Output every entry below word for word, minus the images.
══ Record set
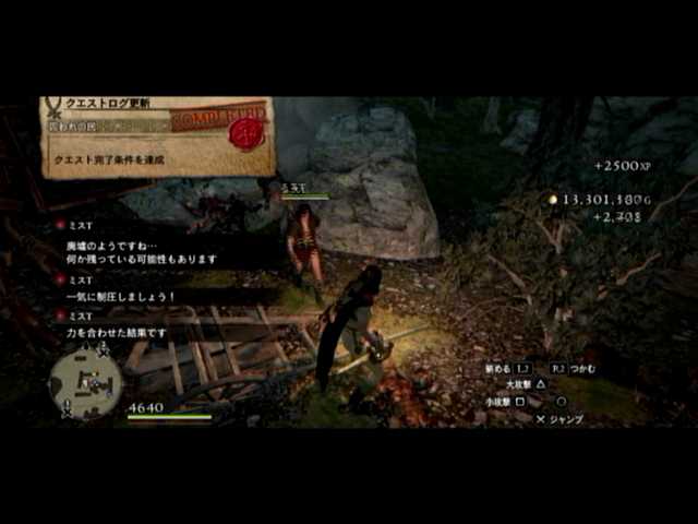 昨日の続き、石切り場を抜けて(同内で4人のNPCの友好度を最大に)護衛クエストも終了。その状態で昨日は終了。ええ、
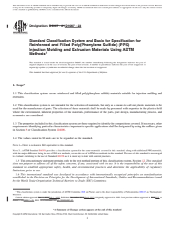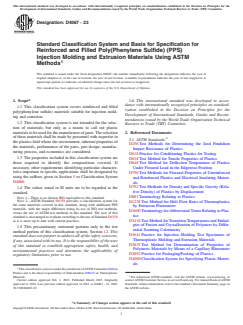 ABSTRACT This classification system covers reinforced and filled poly(phenylene sulfide) (PPS) materials suitable for injection molding and extrusion. This classification system is not intended for the selection of materials, but only as a means to call out plastic materials to be used for the manufacture of parts. The physical properties of the materials must meet the required tensile strength, flexural modulus, Izod impact strength, flexural strength, and density. SCOPE 1.1 This classification system covers reinforced and filled poly(phenylene sulfide) materials suitable for injection molding and extrusion. 1.2 This classification system is not intended for the selection of materials, but only as a means to call out plastic materials to be used for the manufacture of parts. The selection of these materials shall be made by personnel with expertise in the plastics field where the environment, inherent properties of the materials, performance of the parts, part design, manufacturing process, and economics are considered. 1.3 The properties included in this classification system are those required to identify the compositions covered. If necessary, other requirements identifying particular characteristics important to specific applications shall be designated by using the suffixes given in Section 5 or Classification System D4000. 1.4 The values stated in SI units are to be regarded as the standard. Note 1: There is no known ISO equivalent to this standard. Note 2: ASTM Standard D6358 provides a classification system for the same materials covered in this standard, along with additional PPS materials, with the major difference being its use of ISO test methods, versus the use of ASTM test methods in this standard. The user of this standard is encouraged to evaluate switching to the use of Standard D6358 as it is more up to date with current practices. 1.5 This precautionary statement pertains only to the test method portion of this classification system, Section 12. This standard does not purport to address all of the safety concerns, if any, associated with its use. It is the responsibility of the user of this standard to establish appropriate safety, health, and environmental practices and determine the applicability of regulatory limitations prior to use. 1.6 This international standard was developed in accordance with internationally recognized principles on standardization established in the Decision on Principles for the Development of International Standards, Guides and Recommendations issued by the World Trade Organization Technical Barriers to Trade (TBT) Committee.
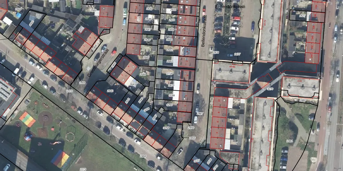 Gebruik de zoekbalk of klik op een perceel om informatie over het perceel te bekijken.
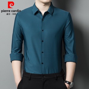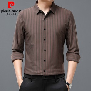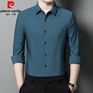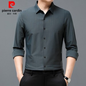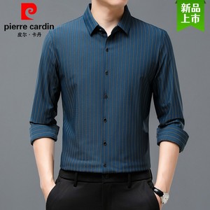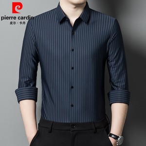 ピエールカルダン マルベリーシルクシャツ メンズ 長袖 ノーアイロン ビジネス カジュアル ストライプ シルク ハイエンド ドレープ 大きいサイズ シャツ
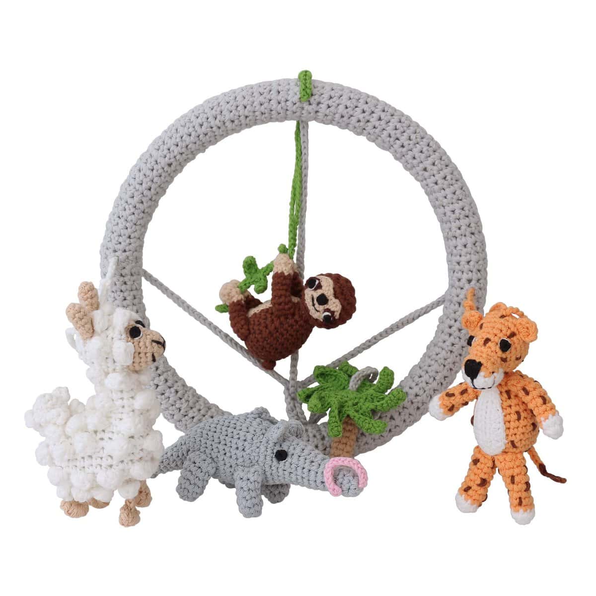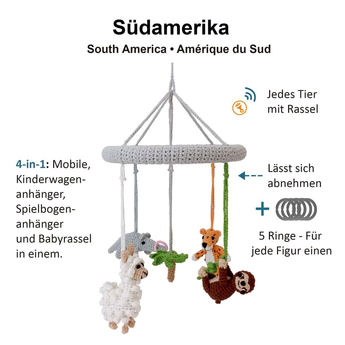 Handgefertigtes Baby-Mobile mit abnehmbaren Rasselfiguren im Südamerika-Motiv. Vier gehäkelte Tierfiguren und eine zentrale Dekorfigur lassen sich flexibel als Mobile, Greifrassel oder Hängespielzeug weiterverwenden.
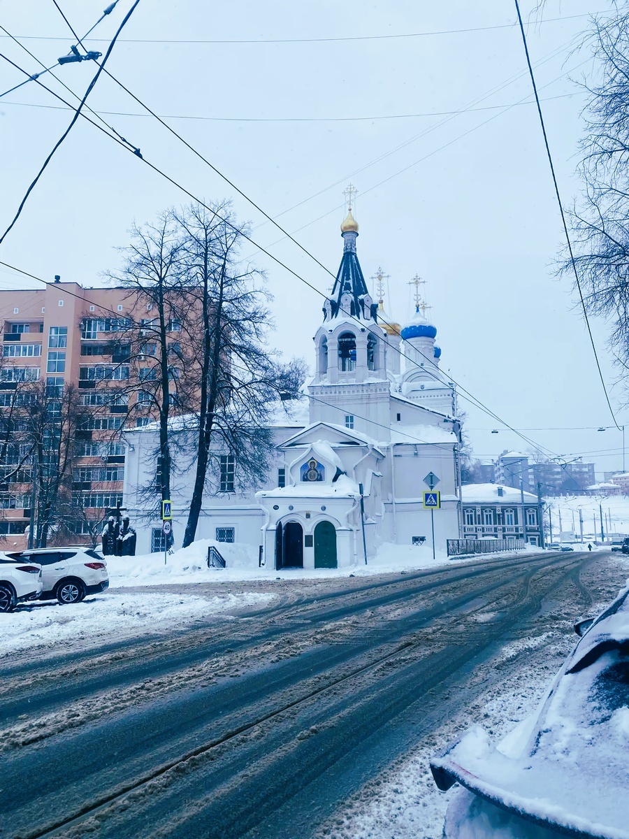 Перезвон колоколов утих, и мы продолжаем нашу прогулку, направляясь к самому началу улицы Ильинской. Начали мы свое небольшое путешествие повернув с Большой Покровской к Лыковой дамбе, и пройдя через нее, оказываемся на улице Добролюбова. Ее прежнее название – Мироносицкая – напрямую связано с находящейся здесь церковью Жён-Мироносиц. Именно эта церковь настолько поразила меня своим величием, что перенесла в начало прошлого века.
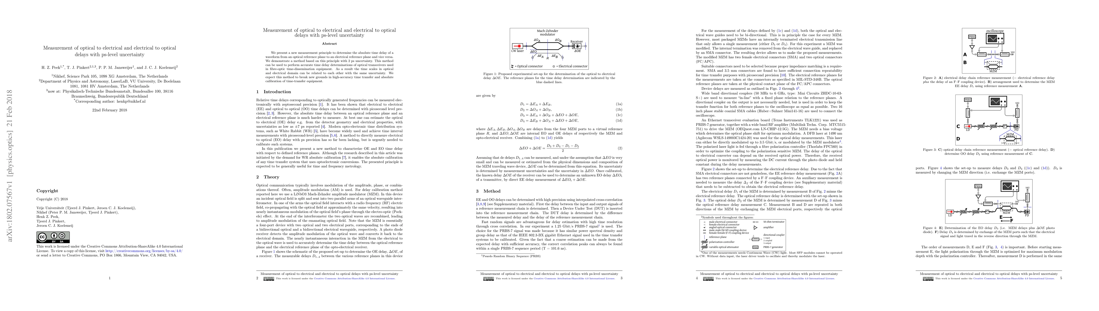 We present a new measurement principle to determine the absolute time delay of a waveform from an optical reference plane to an electrical reference plane and vice versa. We demonstrate a method based on this principle with 2 ps uncertainty. This method can be used to perform accurate time delay determinations of optical transceivers used in fibre-optic time-dissemination equipment. As a result the time scales in optical and electrical domain can be related to each other with the same uncertainty. We expect this method to break new grounds in high-accuracy time transfer and absolute calibration of time-transfer equipment.
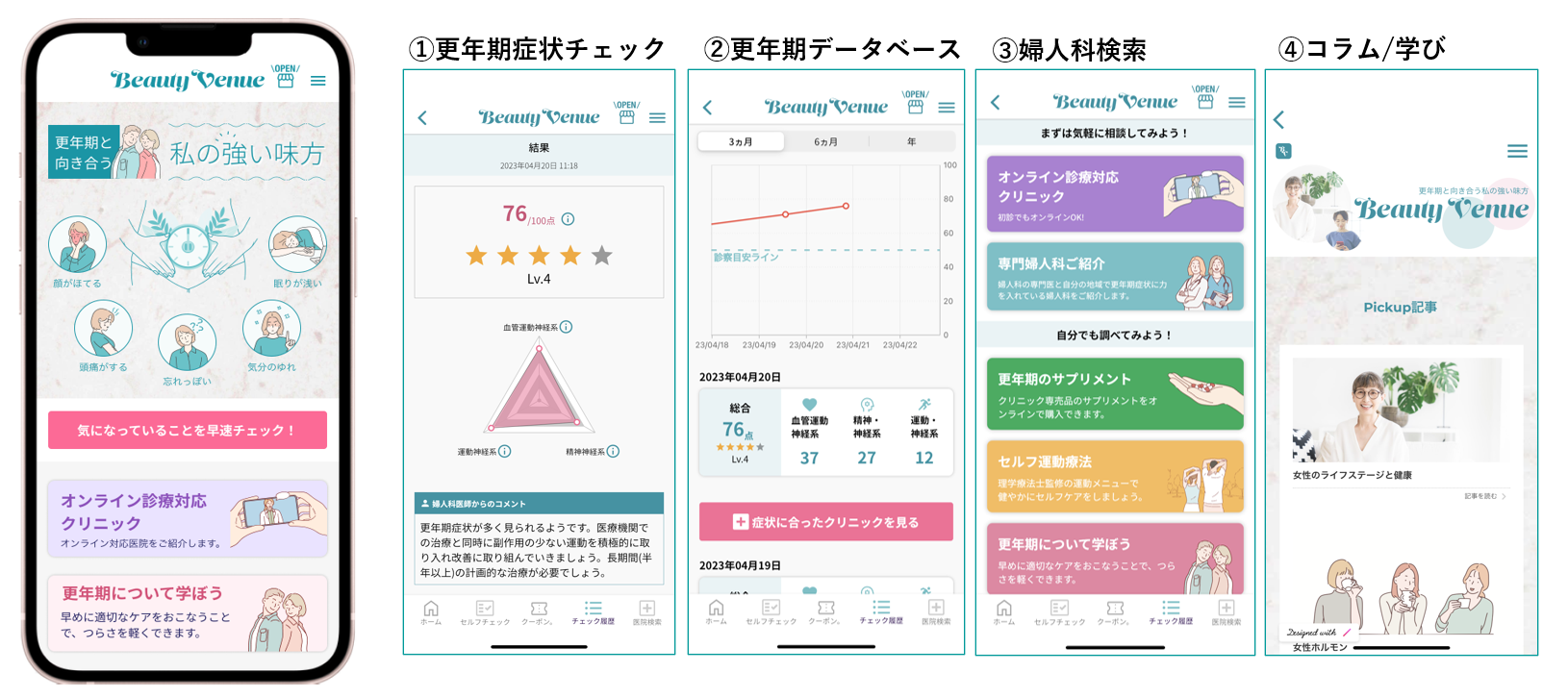 更年期を迎える女性と婦人科を繋げるアプリです。更年期症状の進行を簡略化更年期指数(SMI)でセルフチェックでき、その結果に応じた各ソリューションが提示されます。ユーザーは地域で対面診療できる婦人科を探すだけでなく、またオンライン診療の婦人科も見つけることができます。
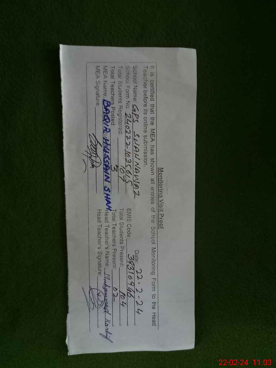 | EMIS Code: 39310946 | Name of School: GPS SHAH NAWAZ | |||
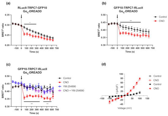 Double brilliance GFP10-TRPC7-RLucII biosensors allow the detection by BRET of TRPC7 conformational changes in response to Gαq-DREADD activation while being fully functional. (a,b) HEK293 cells were co-transfected with plasmids encoding RLucII-TRPC7-GFP10 or GFP10-TRPC7-RLucII biosensors (75 ng) and Gαq-DREADD (500 ng), and were stimulated with Clozapine-N-Oxide (CNO; 1 µM) or vehicle as a control. The BRET signal was measured for 10 min. (c) HEK293 cells were transfected in the same conditions as in (a) and were pre-incubated with YM-254890 (Gαq inhibitor; 1 µM) or vehicle for 10 min before basal BRET signal was read. The BRET signal was measured for 10 min following stimulation with CNO (1 µM). Each data set represents the mean of three independent experiments, which were each performed in triplicate, and expressed as the mean ± S.E.M. (d) Whole-cell patch-clamp experiments on HEK293 cells were performed 48 h after co-transfection with plasmids encoding Gαq-coupled DREADD and TRPC7 WT (open circles) or the GFP10-TRPC7-RLucII biosensor (closed squares). Current–voltage relationships were obtained from the TRPC7 WT and GFP10-TRPC7-RLucII in control conditions (black symbols) and following Gαq-coupled DREADD stimulation with CNO (red symbols; 1 µM). Each data set represents the mean of seven (7) recordings ± S.E.M. Statistical analyses were performed using a two-way ANOVA with multiple comparisons followed by a Sidak’s post-hoc test. * p < 0.05, ** p < 0.01 for control vs. CNO.
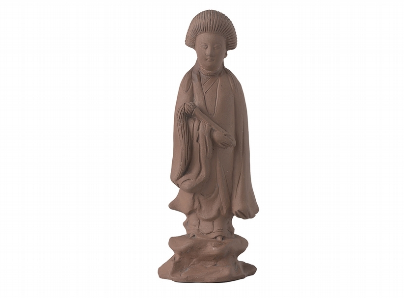 20世紀初日本漆藝大師白山松哉(1893~1923)所製的蒔繪書箱上,所描繪的觀音係根據近代日本畫之父狩野芳崖(1828~1888)的絕筆〈悲母觀音〉所作,漆匠以金、銀呈現華麗絢爛的強烈視覺魅力(圖8)。值得注意的是,在狩野芳崖的原作中,觀音的面部帶有鬍鬚,是以「男神」來表現,而在白山松哉在他的蒔繪書箱上,卻選擇以「女性」的形象來再現「悲母觀音」。除此之外,展覽還展出若干歐洲仿製的觀音像,例如18世紀上半的一件可能製於德國安斯巴赫(Ansbach)的錫釉陶器,在造型上明顯可辨是以福建德化窯的白瓷觀音像為典範(圖9);而另一件17世紀末至18世紀初由荷蘭德爾夫特(Delft)所製的觀音陶塑(圖10),則是以江蘇宜興的陶塑為典範,兩者皆代表了18世紀歐洲在成功燒造出瓷器之前對中國陶瓷的仿效與追求。
════
## Answer space
 昨日の続き、石切り場を抜けて(同内で4人のNPCの友好度を最大に)護衛クエストも終了。その状態で昨日は終了。ええ、
 ABSTRACT This classification system covers reinforced and filled poly(phenylene sulfide) (PPS) materials suitable for injection molding and extrusion. This classification system is not intended for the selection of materials, but only as a means to call out plastic materials to be used for the manufacture of parts. The physical properties of the materials must meet the required tensile strength, flexural modulus, Izod impact strength, flexural strength, and density. SCOPE 1.1 This classification system covers reinforced and filled poly(phenylene sulfide) materials suitable for injection molding and extrusion. 1.2 This classification system is not intended for the selection of materials, but only as a means to call out plastic materials to be used for the manufacture of parts. The selection of these materials shall be made by personnel with expertise in the plastics field where the environment, inherent properties of the materials, performance of the parts, part design, manufacturing process, and economics are considered. 1.3 The properties included in this classification system are those required to identify the compositions covered. If necessary, other requirements identifying particular characteristics important to specific applications shall be designated by using the suffixes given in Section 5 or Classification System D4000. 1.4 The values stated in SI units are to be regarded as the standard. Note 1: There is no known ISO equivalent to this standard. Note 2: ASTM Standard D6358 provides a classification system for the same materials covered in this standard, along with additional PPS materials, with the major difference being its use of ISO test methods, versus the use of ASTM test methods in this standard. The user of this standard is encouraged to evaluate switching to the use of Standard D6358 as it is more up to date with current practices. 1.5 This precautionary statement pertains only to the test method portion of this classification system, Section 12. This standard does not purport to address all of the safety concerns, if any, associated with its use. It is the responsibility of the user of this standard to establish appropriate safety, health, and environmental practices and determine the applicability of regulatory limitations prior to use. 1.6 This international standard was developed in accordance with internationally recognized principles on standardization established in the Decision on Principles for the Development of International Standards, Guides and Recommendations issued by the World Trade Organization Technical Barriers to Trade (TBT) Committee.
 Gebruik de zoekbalk of klik op een perceel om informatie over het perceel te bekijken.
 ピエールカルダン マルベリーシルクシャツ メンズ 長袖 ノーアイロン ビジネス カジュアル ストライプ シルク ハイエンド ドレープ 大きいサイズ シャツ
 Handgefertigtes Baby-Mobile mit abnehmbaren Rasselfiguren im Südamerika-Motiv. Vier gehäkelte Tierfiguren und eine zentrale Dekorfigur lassen sich flexibel als Mobile, Greifrassel oder Hängespielzeug weiterverwenden.
 Перезвон колоколов утих, и мы продолжаем нашу прогулку, направляясь к самому началу улицы Ильинской. Начали мы свое небольшое путешествие повернув с Большой Покровской к Лыковой дамбе, и пройдя через нее, оказываемся на улице Добролюбова. Ее прежнее название – Мироносицкая – напрямую связано с находящейся здесь церковью Жён-Мироносиц. Именно эта церковь настолько поразила меня своим величием, что перенесла в начало прошлого века.
 We present a new measurement principle to determine the absolute time delay of a waveform from an optical reference plane to an electrical reference plane and vice versa. We demonstrate a method based on this principle with 2 ps uncertainty. This method can be used to perform accurate time delay determinations of optical transceivers used in fibre-optic time-dissemination equipment. As a result the time scales in optical and electrical domain can be related to each other with the same uncertainty. We expect this method to break new grounds in high-accuracy time transfer and absolute calibration of time-transfer equipment.
 更年期を迎える女性と婦人科を繋げるアプリです。更年期症状の進行を簡略化更年期指数(SMI)でセルフチェックでき、その結果に応じた各ソリューションが提示されます。ユーザーは地域で対面診療できる婦人科を探すだけでなく、またオンライン診療の婦人科も見つけることができます。
 | EMIS Code: 39310946 | Name of School: GPS SHAH NAWAZ | |||
 Double brilliance GFP10-TRPC7-RLucII biosensors allow the detection by BRET of TRPC7 conformational changes in response to Gαq-DREADD activation while being fully functional. (a,b) HEK293 cells were co-transfected with plasmids encoding RLucII-TRPC7-GFP10 or GFP10-TRPC7-RLucII biosensors (75 ng) and Gαq-DREADD (500 ng), and were stimulated with Clozapine-N-Oxide (CNO; 1 µM) or vehicle as a control. The BRET signal was measured for 10 min. (c) HEK293 cells were transfected in the same conditions as in (a) and were pre-incubated with YM-254890 (Gαq inhibitor; 1 µM) or vehicle for 10 min before basal BRET signal was read. The BRET signal was measured for 10 min following stimulation with CNO (1 µM). Each data set represents the mean of three independent experiments, which were each performed in triplicate, and expressed as the mean ± S.E.M. (d) Whole-cell patch-clamp experiments on HEK293 cells were performed 48 h after co-transfection with plasmids encoding Gαq-coupled DREADD and TRPC7 WT (open circles) or the GFP10-TRPC7-RLucII biosensor (closed squares). Current–voltage relationships were obtained from the TRPC7 WT and GFP10-TRPC7-RLucII in control conditions (black symbols) and following Gαq-coupled DREADD stimulation with CNO (red symbols; 1 µM). Each data set represents the mean of seven (7) recordings ± S.E.M. Statistical analyses were performed using a two-way ANOVA with multiple comparisons followed by a Sidak’s post-hoc test. * p < 0.05, ** p < 0.01 for control vs. CNO.
 20世紀初日本漆藝大師白山松哉(1893~1923)所製的蒔繪書箱上,所描繪的觀音係根據近代日本畫之父狩野芳崖(1828~1888)的絕筆〈悲母觀音〉所作,漆匠以金、銀呈現華麗絢爛的強烈視覺魅力(圖8)。值得注意的是,在狩野芳崖的原作中,觀音的面部帶有鬍鬚,是以「男神」來表現,而在白山松哉在他的蒔繪書箱上,卻選擇以「女性」的形象來再現「悲母觀音」。除此之外,展覽還展出若干歐洲仿製的觀音像,例如18世紀上半的一件可能製於德國安斯巴赫(Ansbach)的錫釉陶器,在造型上明顯可辨是以福建德化窯的白瓷觀音像為典範(圖9);而另一件17世紀末至18世紀初由荷蘭德爾夫特(Delft)所製的觀音陶塑(圖10),則是以江蘇宜興的陶塑為典範,兩者皆代表了18世紀歐洲在成功燒造出瓷器之前對中國陶瓷的仿效與追求。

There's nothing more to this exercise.